SC II Acquisition, a newly formed SPAC backed by Nukkleus leadership, has priced its $150 million IPO at $10 per unit, marking another significant blank-check debut in a year that has seen selective but notable SPAC activity. The offering reflects ongoing investor interest in acquisition vehicles targeting high-growth or cyclical industries, even as the broader SPAC market continues to reset from prior years’ excesses.
Company Background
SC II Acquisition is led by CEO and Chairman Menachem Shalom, who also serves as CEO of Nukkleus, the fintech company that went public via SPAC merger in 2023 before pivoting into a defense-focused holding strategy. Shalom is joined by CFO Asaf Yarkoni, a seasoned financial executive who simultaneously serves as CFO of Kamari Pharma, Aroma Republic, and the leadership team’s previous SPAC, Kochav Defense Acquisition. Their first SPAC, KCHVU, raised $220 million earlier in 2025 and remains in search of a target. With this second vehicle, the team leverages extensive experience in both defense and emerging technology sectors, as well as established global networks capable of identifying acquisition candidates with durable business models and demonstrable growth trajectories.
IPO Details
SC II Acquisition raised $150 million by offering 15 million units at $10 each. Each unit contains one share of common stock and one right that converts into one-fifth of a share upon completion of a business combination.

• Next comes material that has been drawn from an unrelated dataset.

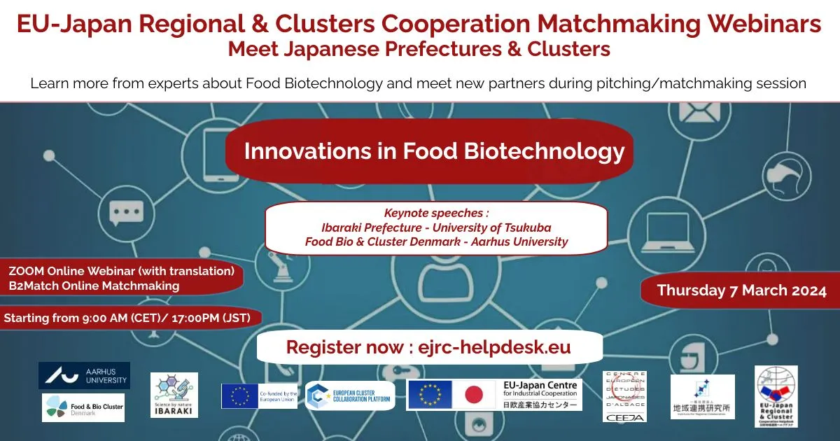 Meet Japanese Prefectures & Clusters : learn more from experts about the 4 topics and meet new partners during pitching/matchmaking session.

The company plans to trade on the Nasdaq under the ticker SCIIU. D. Boral Capital acted as the sole bookrunner on the offering. While the SPAC has not disclosed a specific industry focus, it intends to pursue companies with strong free cash flow characteristics, sustainable competitive advantages, and highly experienced leadership teams operating in expanding sectors or industries poised for cyclical rebound.
Market Context & Opportunities
The SPAC market has entered a period of recalibration, with fewer offerings but higher scrutiny from institutional investors. Deals that come to market now typically feature more disciplined structures, stronger sponsor reputations, and clearer strategic focus. SC II Acquisition benefits from a management team with a proven track record in raising capital and navigating complex sectors such as defense, cybersecurity, and advanced technology. As geopolitical tensions and tech-driven modernization continue to reshape global markets, SPACs targeting resilient or mission-critical industries may find more compelling acquisition opportunities than speculative tech vehicles of prior cycles.
Risks & Challenges
Despite improved sentiment in selective pockets, the SPAC landscape remains challenging. Increased regulatory oversight, tighter investor due diligence, and rising interest rates continue to limit speculative activity. SC II Acquisition must demonstrate disciplined deal sourcing to avoid overpaying in competitive sectors. Additionally, the sponsor group’s involvement in multiple concurrent SPACs could raise questions about bandwidth, focus, and execution pacing. Market volatility and sector-specific shifts could also complicate efforts to close a value-accretive transaction within the allowed timeframe.
Closing Paragraph
With its $150 million IPO complete, SC II Acquisition enters a crowded yet opportunity-rich environment for strategic dealmaking. Whether the SPAC successfully secures an acquisition that resonates with investors will depend on its ability to identify businesses with clear operational strength and long-term growth potential. The coming months will reveal whether this vehicle becomes a standout in the evolving SPAC landscape or simply another entrant in a competitive field.